Seahawks' 'Pork Chop' Womack to miss minicamp and OTA's
By Len Pasquarelli
Updated: June 8, 2007, 12:24 PM ET
Often-injured offensive lineman Floyd Womack (aka "Pork Chop"), who has missed two dozen regular-season games because of injuries in his six-year career with Seattle, will be sidelined for the rest of the Seahawks' minicamp and organized team activities sessions (OTA) after undergoing arthroscopic surgeries on both knees.
Expected to challenge this year for the starting job at either right guard or right tackle, as coach Mike Holmgren has opened up those two positions to competition, Womack left the team's Wednesday practice early because of pain in his knees.
Team officials feel that, even with the two arthroscopic procedures, there is sufficient time for Womack to be fully recovered by the start of training camp next month.
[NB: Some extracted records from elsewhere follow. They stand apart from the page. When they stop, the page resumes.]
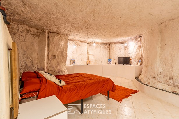 East of Tours, in the commune of Reugny, this charming troglodyte house offers 250 sqm of living space, nestled on a 1,127 sqm plot with a garden. Spacious, bright, and well-exposed, this troglodyte dwelling offers a naturally temperate living environment: cool in summer, mild in winter.
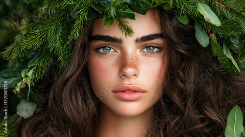 Enchanting portrait of a young woman surrounded by greenery nature scene close-up soft lighting beauty concept
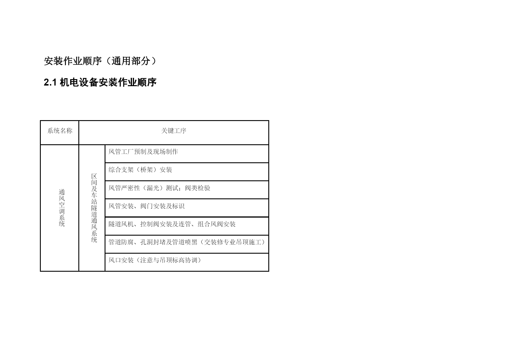 安装作业顺序(通用部分)2.1机电设备安装作业顺序系统名称关键工序通风空调系统区间及车站隧道通风系统风管工厂预制及现场制作综合支架(桥架)安装风管严密性(漏光)测试;阀类检验风管安装、阀门安装及标识隧道风机、控制阀安装及连管、组合风阀安装管道防腐、孔洞封堵及管道喷黑(交装修专业吊顶施工)风口安装(注意与吊顶标高协调)系统名称关键工序通风空调系统车站通风空调大、小系统及冷冻水系统风管、水管工厂预制及现场制作综合支架(桥架)安装风管严密性(漏光)测试;阀类检验风管安装、各类阀门安装及标识各类风机安装、控制阀安

Womack, 28, re-signed with the Seahawks this spring after first testing the unrestricted free agent market. He visited with club officials in Atlanta and Pittsburgh, and had visits set up with a few other teams, but opted to return to Seattle on a one-year contract that includes a base salary of $700,000.
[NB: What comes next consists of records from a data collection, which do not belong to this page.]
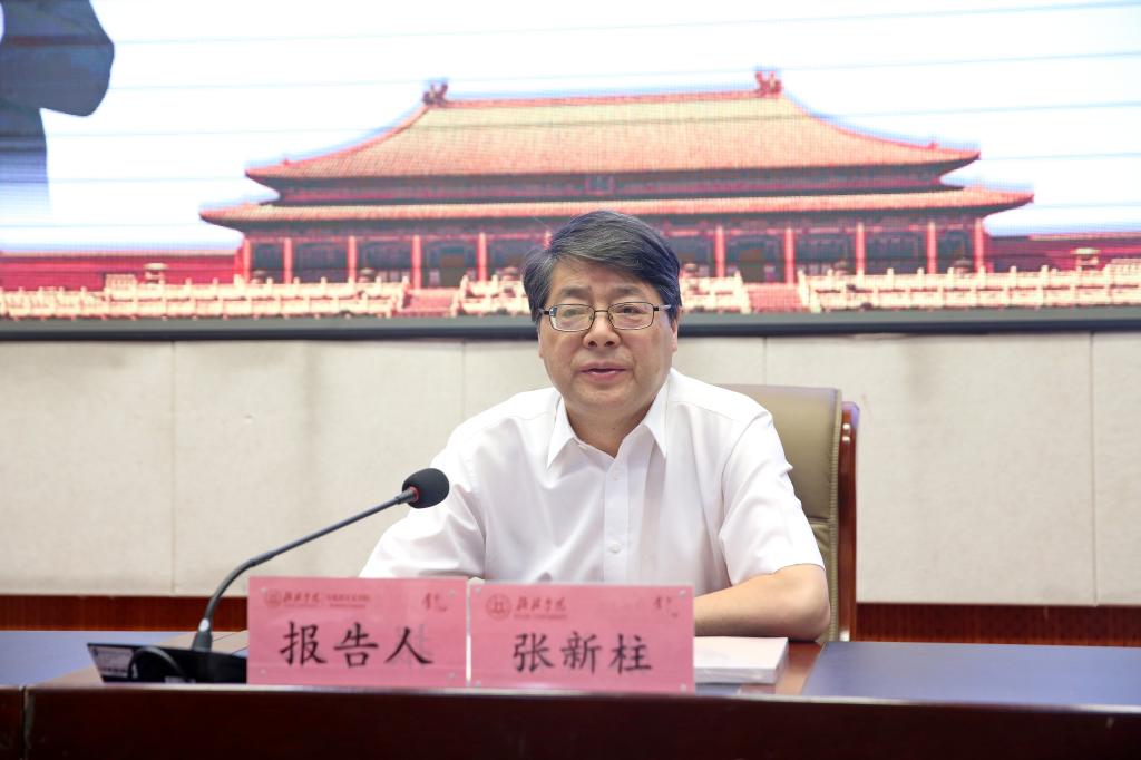 张新柱围绕五方面系统阐释了学习贯彻习近平总书记关于党的建设重要思想,以高质量党建引领学校高质量发展。一、习近平总书记党的建设重要思想的主要内容和鲜明特点。张新柱通过梳理习近平总书记党的建设重要思想的13个坚持,习近平总书记关于党的建设重要思想的鲜明的五个特点,教育引导广大党员、干部自觉做习近平新时代中国特色社会主义思想的坚定信仰者和忠实实践者。二、新时代高校党建工作的基本遵循。一是坚持社会主义办学方向;二是坚持党对高校工作的全面领导;三是坚持围绕中心抓党建,抓好党建促发展;四是坚持党的一切工作到支部的鲜明导向;五是坚持把立德树人成效作为检验一切工作的根本标准。三、高校党建工作存在的问题与困惑。一是对高校党委领导下的校长负责制认识不到位;二是二级学院党政联席会议职责不清晰、运行不畅;三是党员作用发挥不充分,党员发展、教育、管理不规范;四是高校党支部建设存在薄弱环节,活动载体单一;五是党建工作考核机制不健全,考核结果运用不充分;四、新时代高校党建工作的对策探讨。新时代高校高质量党建工作的对策可以概括为:一是实施三个带动,为学校改革发展提供正确引领。实施党建带动,发挥高校党委、院系党组织、党支部的带动作用;实施骨干带动,示范引领党员干部发挥好先锋模范作用;实施活动带动,增强党建工作的吸引力和实效性。二是扎实开展“四类党建”,系统提升新时代高校党建工作水平。抓好标准党建,抓实融合党建,抓细生活党建,抓亮特色党建。三是全面落实“七项举措”,推动高校党建工作的高质量发展。新时代高校党建工作要突出政治首位抓党建、守正创新抓党建、善作思政抓党建、凝聚人心抓党建、围绕中心抓党建、谋划抓手抓党建、学习提升抓党建。五、以党建为引领推动高校高质量发展。一是建设一流特色优势学科;二是打造一流高水平师资队伍;三是培养一流卓越人才;四是建立一流现代大学制度;五是提供一流经济社会发展服务;六是形成一流大学文化;七是开拓一流国际交流合作;八是营造一流校园生态。
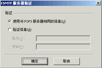 8〕 在弹出窗口“ESMTP服务器验证”里点选“使用与POP3服务相同的信息”。如下图所示:
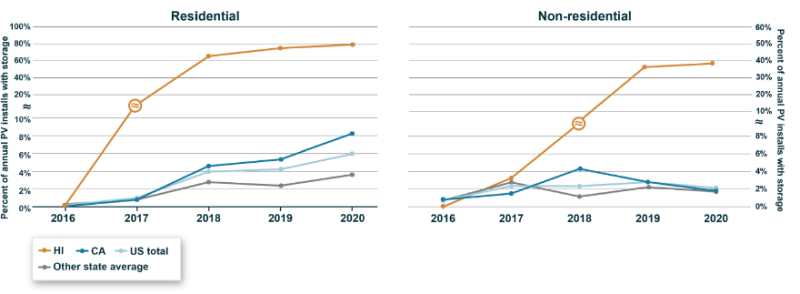 住宅太陽能發(fā)電設(shè)施配套部署儲能系統(tǒng)的比例一直在穩(wěn)步增長,但仍占市場的一小部分,占2020年安裝的美國住宅太陽能發(fā)電設(shè)施系統(tǒng)的6%(如圖11所示)。而在非住宅市場,2020年安裝的太陽能發(fā)電設(shè)施系統(tǒng)中只有2%配套部署儲能系統(tǒng),因為這些客戶更有可能獨立部署電池儲能系統(tǒng)。在住宅和非住宅市場中,夏威夷州因其凈計量改革而獨樹一幟,激勵更多的太陽能發(fā)電設(shè)施配套部署儲能系統(tǒng)。加利福尼亞州的住宅客戶可能會通過為防止森林火災(zāi)風(fēng)險而實施的斷電以及該州政府的激勵措施來增加電池儲能系統(tǒng)的部署。

Originally, it was thought that Womack would split time at right guard with 14-year veteran Chris Gray, but that was before Holmgren announced that the starting positions on the right side of the line were up for grabs.
A former Mississippi State standout, Womack is a power-type blocker who fits best on the strong side of the offensive line, and who has logged 32 starts in 61 career appearances, while playing guard and tackle at various times. While there have been stretches in which Womack has been impressive, injuries have historically slowed his progress.
He has suffered ankle, calf, hand, head, heel, hip, knee, triceps, quadriceps and toe injuries, all of which have cost Womack playing time. As a result, Womack has logged double-digit starts only once in his career, in 2002, when he started 10 games.
Still, the Seattle coaches consider Womack, a fourth-round pick in the 2001 draft, a key player, whether as a versatile reserve or part-time starter, and they worked hard to convince him to return to the Seahawks this spring.